If this is what drum corps has come to then I’m glad I’m not involved.

But it does help to explain why marching percussion gear sells for so damned much money with folks no longer bat an eye.

And it reinforces my love for homemade pads. 

The excess of the activity is really getting to me today.

I’ll just show myself out.

Monday, October 21, 2024

DCI will eat itself. And maybe it should.

Over on a drum corps discussion group, someone went to a lot of trouble to consider how Drum Corps International might be restructured as a response to the shrinking number of competitive drum corps, in order to keep the activity financially and socially viable.

It was a detailed plan.

And I think it would fail.

Here’s my response:

*****

Clearly a lot of thought and care went into this plan. But at the end of the day, there simply are not enough competitive corps left *in existence* to make it viable, for the management and funding of the activity or for the fans.

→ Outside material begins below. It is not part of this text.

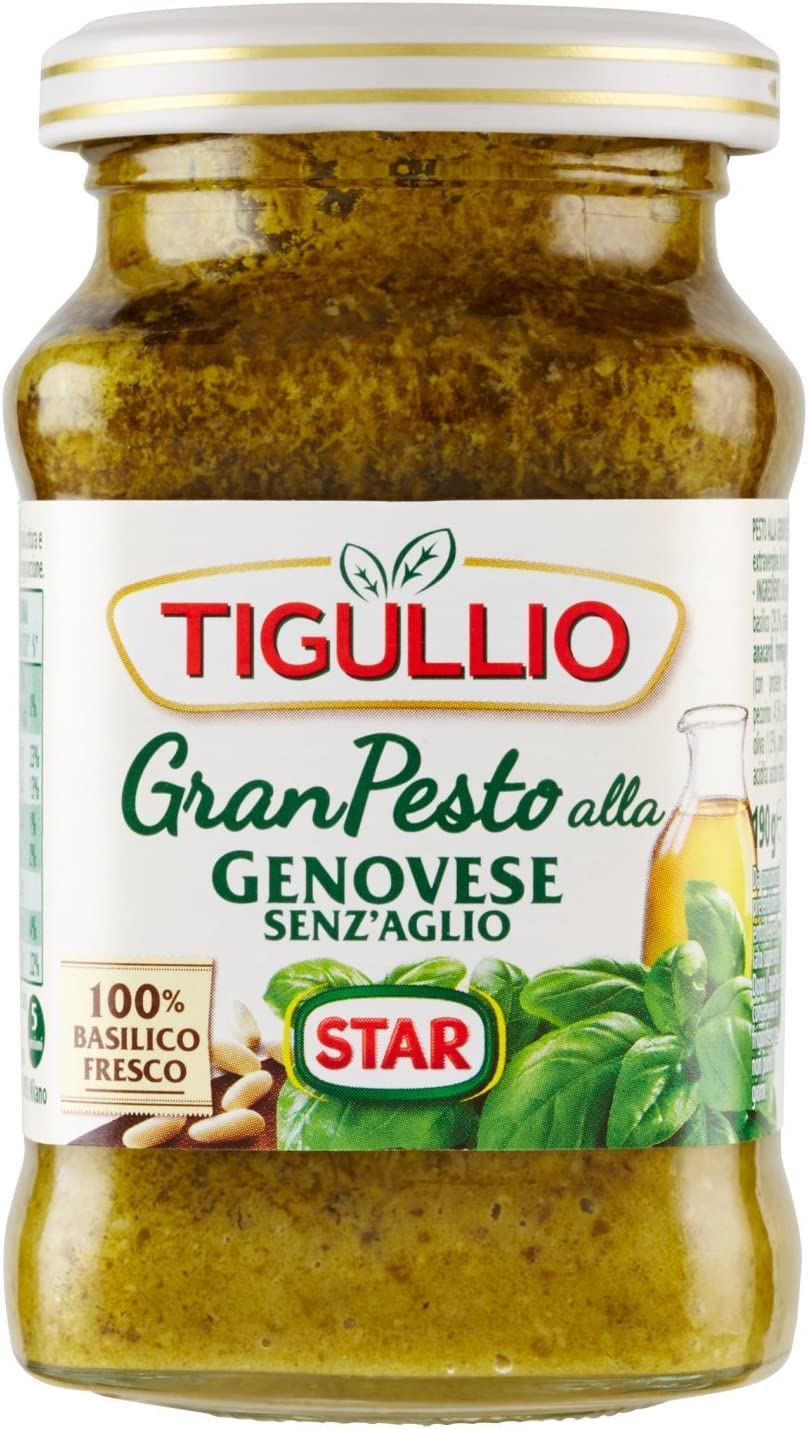 Gran Pesto Tigullio alla Genovese without garlic is prepared with 100 freshly processed basil and selected ingredients, which are skillfully combined to breathe life into a rustic texture: it is a Mediterranean triumph that will make you triumph. It does not contain garlic. Ingredients sunflower oil (34 ), basil (29.2 ), potatoes, glucose syrup, CASHEW, Grana Padano cheese (4.5 ) (with EGG proteins), pecorino cheese (4.5 ), salt, extra virgin olive oil (1.5 ), pine nuts (1 ), natural a). Acids Regulator: Lactic Acid. Note: slightly salt the cooking water and dilute each portion with a spoon INGREDIENTS Ingredients: sunflower oil (34 ), basil (29.2 ), potatoes, glucose syrup, CASHEW, Grana Padano cheese (4.5 ) (with egg proteins), pecorino cheese (4.5 )), salt, indigenous extra olive oil (1.5 ), pine nuts (1 ), natural flavors. and, acid regulation. ulator: lactic acid.Star Tigullio GranPesto Alla Genovese senz'aglio met basilicum zonder knoflook 190 g Gran Pesto Tigullio alla Genovese zonder knoflook wordt bereid met 100 vers verwerkte basilicum en geselecteerde ingrediënten, die vakkundig worden gecombineerd om een rustieke textuur leven in te blazen: het is een mediterrane triomf die je laat zegevieren. Het bevat geen knoflook. Ingrediënten zonnebloemolie (34 ), basilicum (29,2 ), aardappelen, glucosesiroop, CASHEW, Grana Padano-kaas (4,5 ) (met EI-eiwitten), pecorinokaas (4,5 ), zout, eerste persing olijfolie extra (1,5 ), pijnboompitten (1 ), natuurlijke a). zuren Regulator: melkzuur. Opmerking: het kookwater iets zout en verdunnen elke portie met een lepel INGREDIËNTEN Ingrediënten zonnebloemolie (34 ), basilicum (29,2 ), aardappelen, glucosesiroop, CASHEW, Grana Padano-kaas (4,5 ) (met ei-eiwitten), pecorino-kaas (4,5 )), zout, inheemse olijfolie extra (1,5 ), pijnboompitten (1 ), natuurlijke aroma's. en, zuurteregulatie. ulator: melkzuur.

If someone saves up several hundred dollars (tickets/gas/lodging/potentially unpaid time off work) to travel to watch a drum corps show, they *might* fare better getting to a show that’s closer to home. If they do, how many will travel farther to see a second show somewhere else?

DCI has changed because the whole world has changed. While they have done an admirable job in bringing the marching arts to new levels of quality and artistry, it has ultimately come at the expense of high levels of participation. There are far fewer competitive drum corps today than forty or even thirty years ago, because there are now far fewer people who can afford to participate. (The root causes of the higher costs have been covered elsewhere.) DCI’s continued refusal to see this is evidence of the leadership’s own hubris.

As much as I love the marching arts, I can see a time when independent competitive drum corps in the style of DCI and national touring no longer exists, and it may well happen in my lifetime. Everything is just too damned expensive now, and wages and schedules and real life cannot keep up with the man-eating leviathan that DCI has become.

Want to save drum corps? Make it local and grass roots again, and make it smaller. Make it shoestring. Make it gritty and scrappy again. And reach out to the communities who are really good at doing gritty and scrappy. Examples that come to mind include orgs like Bay Ratz Marching Battery in southern Mississippi and Mad Beatz in Philadelphia. And don’t make it competitive, at least right out of the gate. Make it performative and community-minded, period.

The beats will be dirty to begin with. That’s okay. The average parent or city leader doesn’t care about dirty beats. They care about kids marching down the street in matching t-shirts, making beautiful noise and bringing smiles to peoples’ faces, and hope to their hearts.

DCI will eat itself. And that’s too bad. But that is what the weight of hubris can do.

Make drum corps truly relevant to the community again, and you just might save it.